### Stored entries
= Beginning of Section =
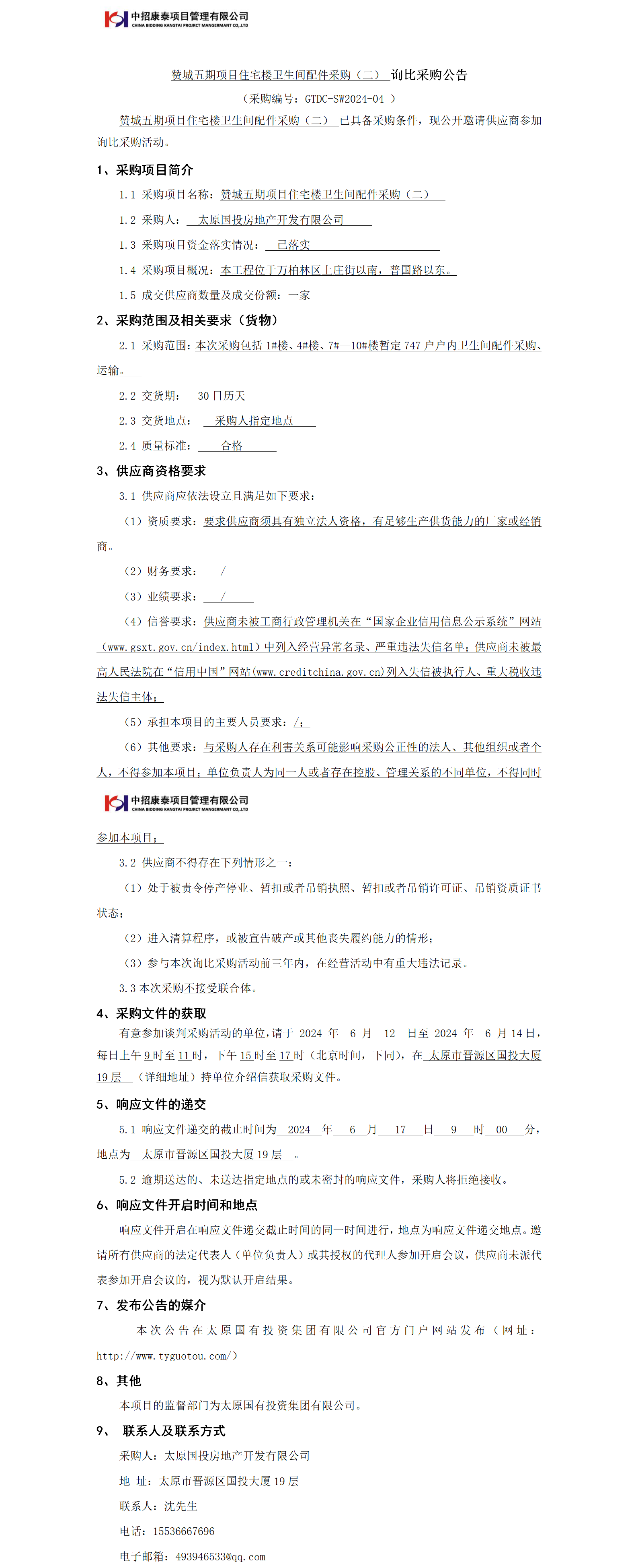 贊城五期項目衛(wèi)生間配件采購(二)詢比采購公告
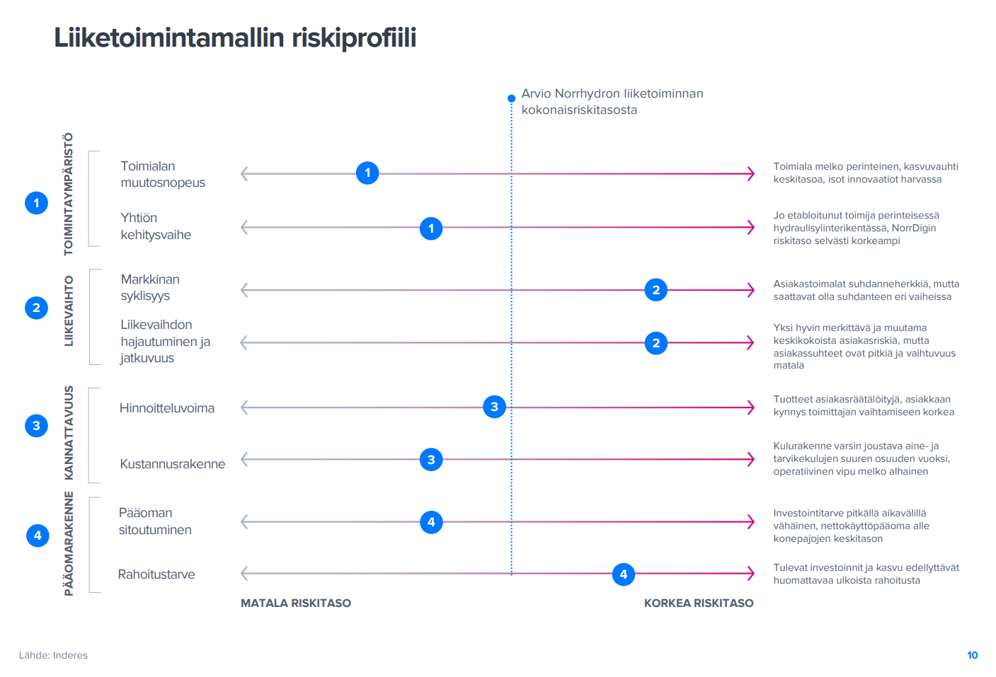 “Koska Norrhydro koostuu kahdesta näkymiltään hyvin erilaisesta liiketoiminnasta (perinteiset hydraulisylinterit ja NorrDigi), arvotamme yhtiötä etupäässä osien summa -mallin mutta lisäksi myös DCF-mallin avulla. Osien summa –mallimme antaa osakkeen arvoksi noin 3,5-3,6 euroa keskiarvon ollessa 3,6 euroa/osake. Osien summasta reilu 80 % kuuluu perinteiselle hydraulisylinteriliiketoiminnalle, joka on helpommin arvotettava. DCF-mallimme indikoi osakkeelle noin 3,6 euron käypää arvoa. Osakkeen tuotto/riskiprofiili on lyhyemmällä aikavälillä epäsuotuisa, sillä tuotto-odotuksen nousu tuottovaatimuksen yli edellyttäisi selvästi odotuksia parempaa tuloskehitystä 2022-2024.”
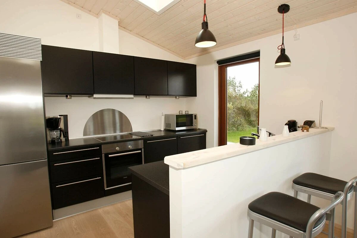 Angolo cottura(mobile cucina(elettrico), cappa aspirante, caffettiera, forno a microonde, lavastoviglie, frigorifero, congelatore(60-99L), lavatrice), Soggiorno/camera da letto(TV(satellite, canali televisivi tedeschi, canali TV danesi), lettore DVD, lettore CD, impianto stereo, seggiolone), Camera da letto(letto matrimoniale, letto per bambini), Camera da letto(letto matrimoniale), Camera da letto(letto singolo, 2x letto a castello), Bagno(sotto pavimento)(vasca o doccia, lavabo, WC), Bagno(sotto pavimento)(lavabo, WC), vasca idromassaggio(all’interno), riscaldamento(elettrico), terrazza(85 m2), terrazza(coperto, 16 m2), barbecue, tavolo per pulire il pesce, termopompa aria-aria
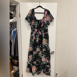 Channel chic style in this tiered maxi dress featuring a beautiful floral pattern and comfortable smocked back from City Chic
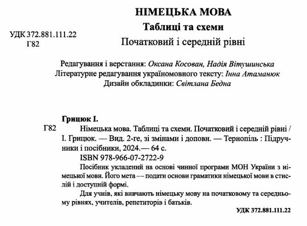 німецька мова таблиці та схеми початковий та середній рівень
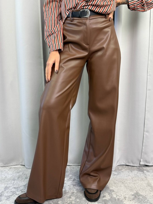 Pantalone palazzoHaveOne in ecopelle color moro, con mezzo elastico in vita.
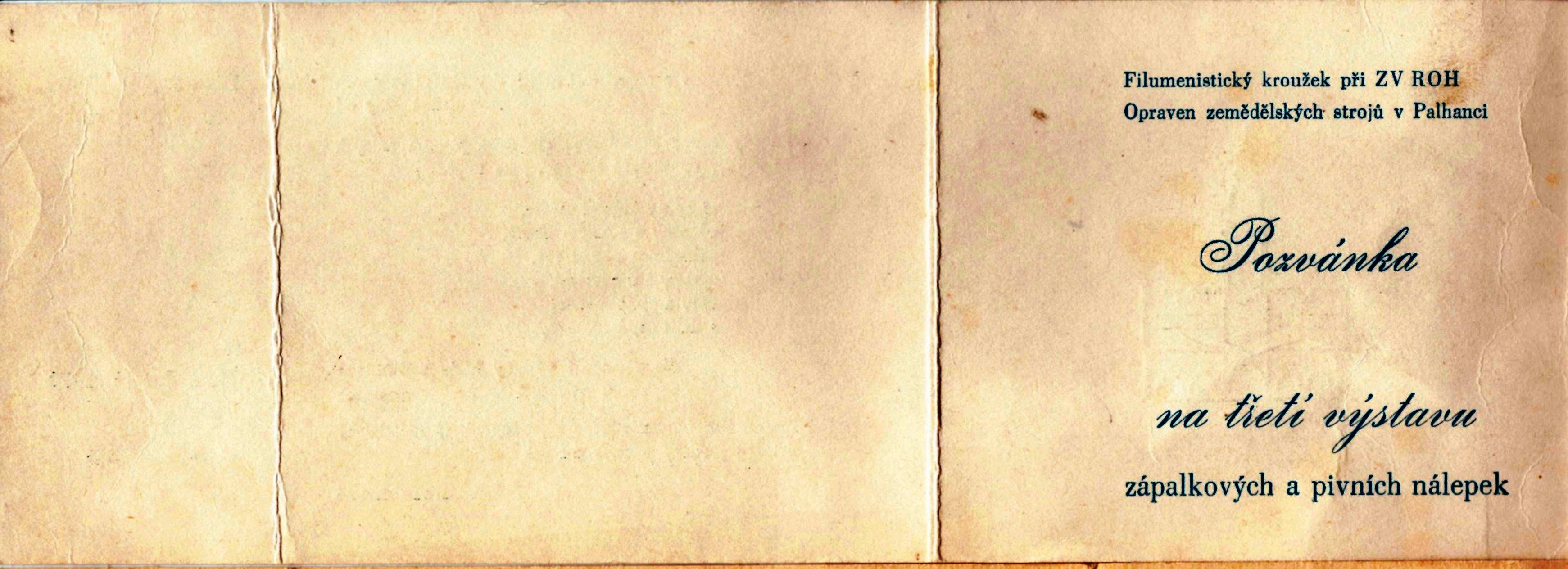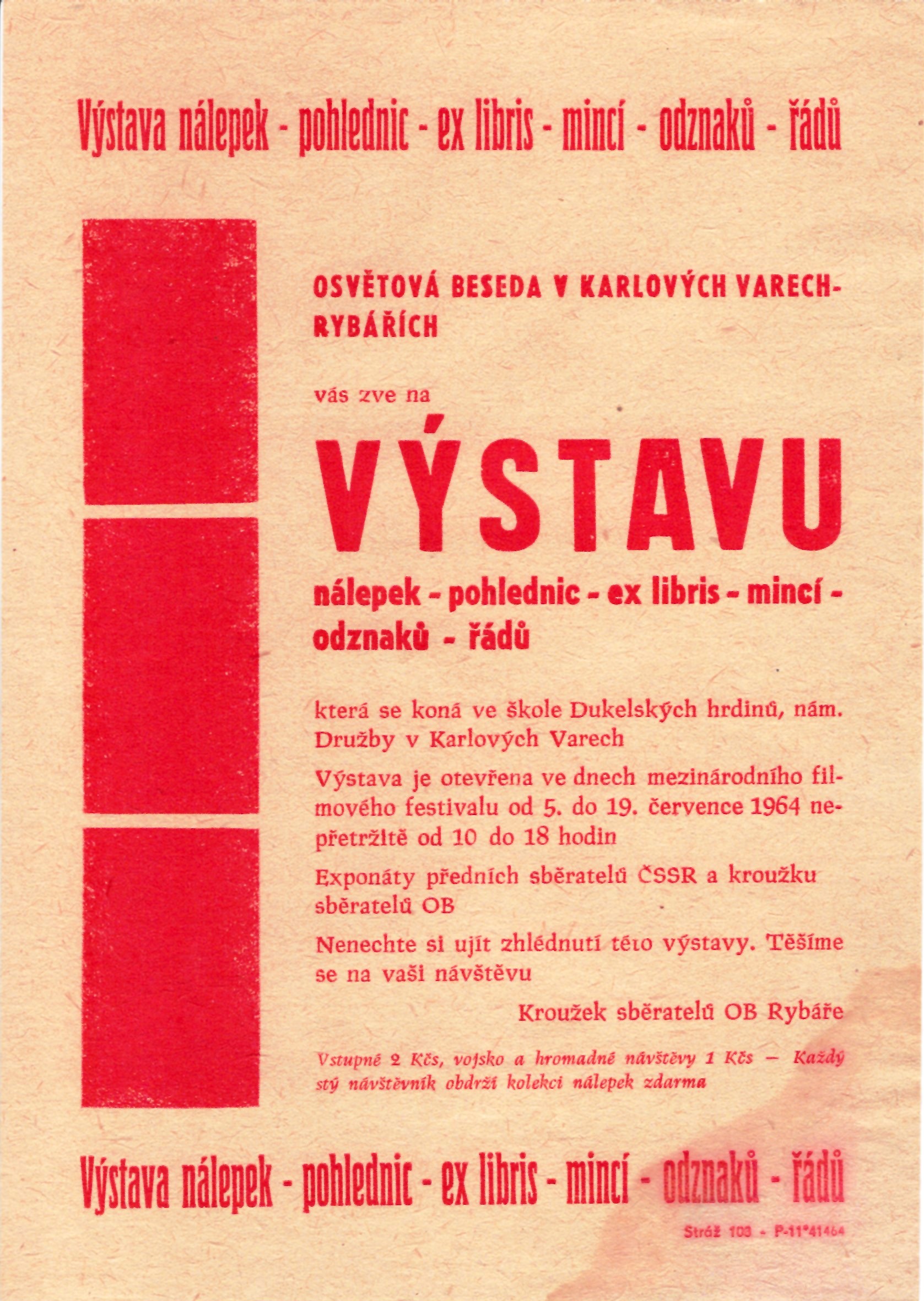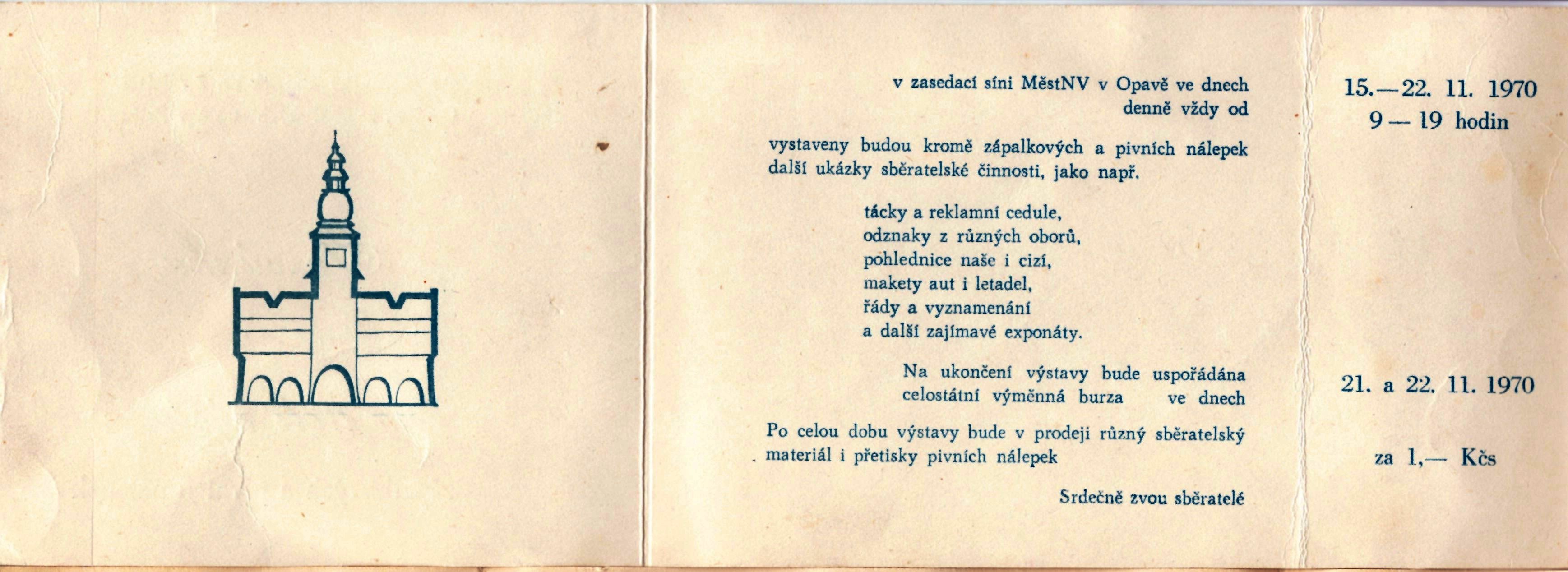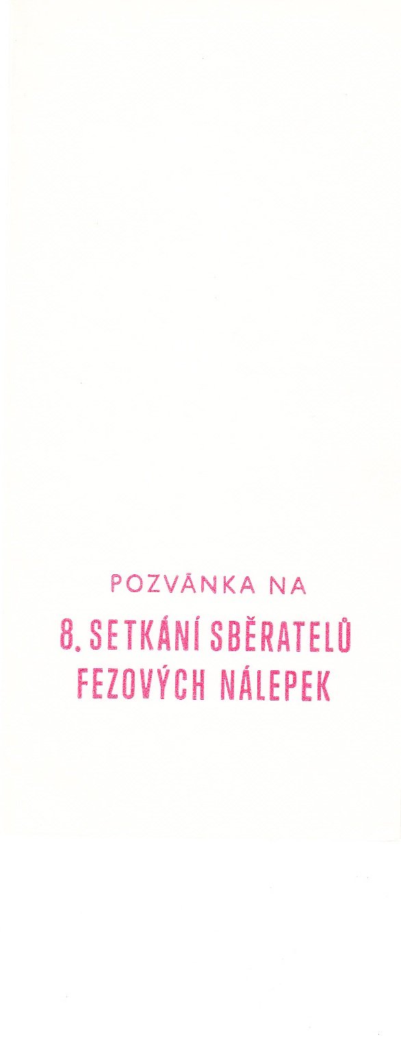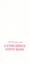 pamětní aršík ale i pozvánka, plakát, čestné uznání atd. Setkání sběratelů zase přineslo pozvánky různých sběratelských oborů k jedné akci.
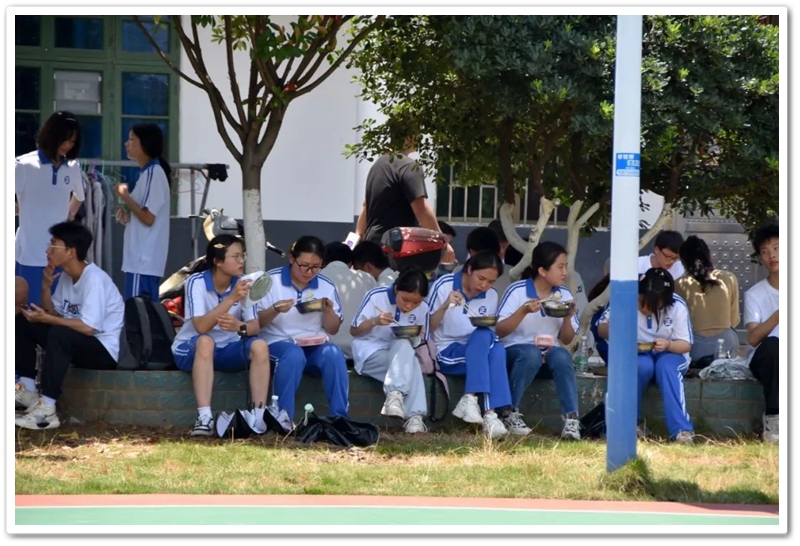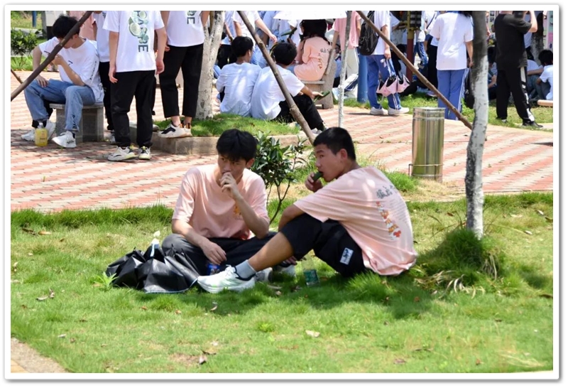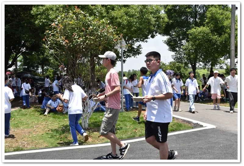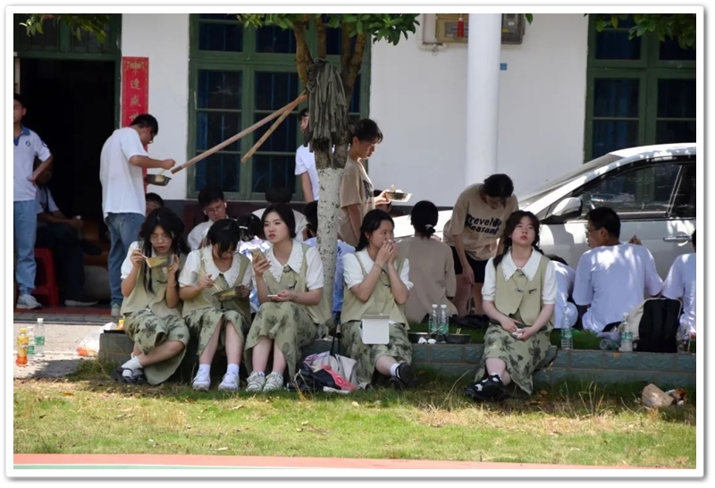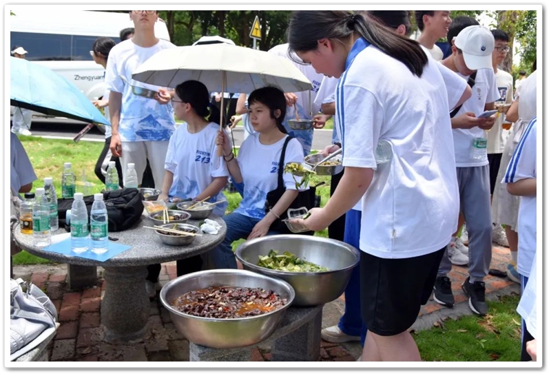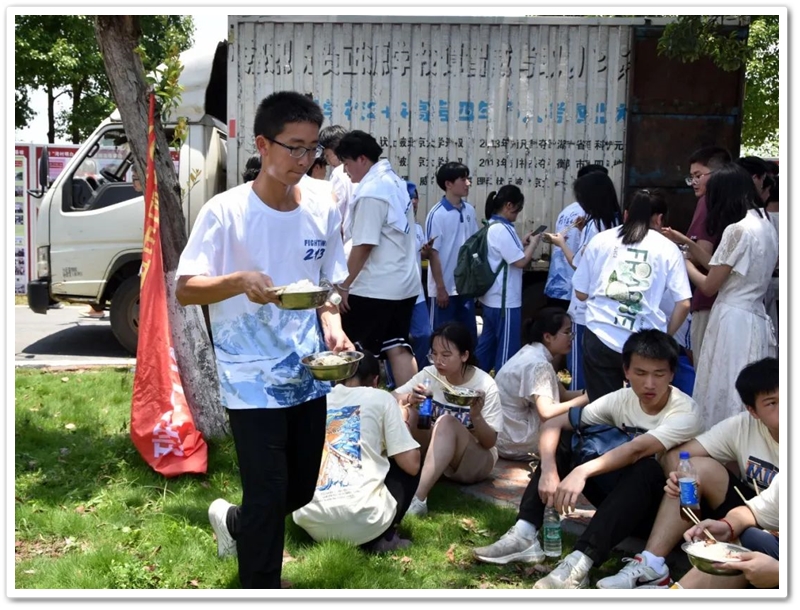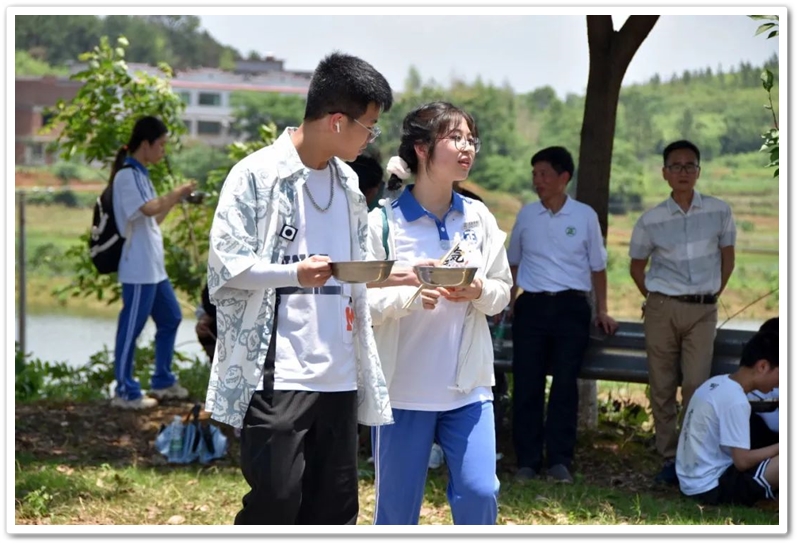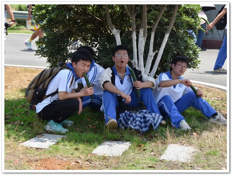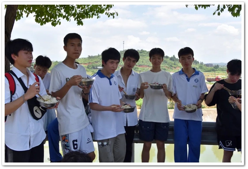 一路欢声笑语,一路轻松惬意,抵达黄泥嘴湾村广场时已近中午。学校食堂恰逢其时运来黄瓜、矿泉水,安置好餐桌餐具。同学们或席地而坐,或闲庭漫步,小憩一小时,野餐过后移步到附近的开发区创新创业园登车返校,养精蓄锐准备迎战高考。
= End of Section =
### What the task requires
Can the lines from the start of the records through the line with "Channel chic style" be given again exactly, with the pictures left out?

### Result of this task
 贊城五期項目衛(wèi)生間配件采購(二)詢比采購公告
 “Koska Norrhydro koostuu kahdesta näkymiltään hyvin erilaisesta liiketoiminnasta (perinteiset hydraulisylinterit ja NorrDigi), arvotamme yhtiötä etupäässä osien summa -mallin mutta lisäksi myös DCF-mallin avulla. Osien summa –mallimme antaa osakkeen arvoksi noin 3,5-3,6 euroa keskiarvon ollessa 3,6 euroa/osake. Osien summasta reilu 80 % kuuluu perinteiselle hydraulisylinteriliiketoiminnalle, joka on helpommin arvotettava. DCF-mallimme indikoi osakkeelle noin 3,6 euron käypää arvoa. Osakkeen tuotto/riskiprofiili on lyhyemmällä aikavälillä epäsuotuisa, sillä tuotto-odotuksen nousu tuottovaatimuksen yli edellyttäisi selvästi odotuksia parempaa tuloskehitystä 2022-2024.”
 Angolo cottura(mobile cucina(elettrico), cappa aspirante, caffettiera, forno a microonde, lavastoviglie, frigorifero, congelatore(60-99L), lavatrice), Soggiorno/camera da letto(TV(satellite, canali televisivi tedeschi, canali TV danesi), lettore DVD, lettore CD, impianto stereo, seggiolone), Camera da letto(letto matrimoniale, letto per bambini), Camera da letto(letto matrimoniale), Camera da letto(letto singolo, 2x letto a castello), Bagno(sotto pavimento)(vasca o doccia, lavabo, WC), Bagno(sotto pavimento)(lavabo, WC), vasca idromassaggio(all’interno), riscaldamento(elettrico), terrazza(85 m2), terrazza(coperto, 16 m2), barbecue, tavolo per pulire il pesce, termopompa aria-aria
 Channel chic style in this tiered maxi dress featuring a beautiful floral pattern and comfortable smocked back from City Chic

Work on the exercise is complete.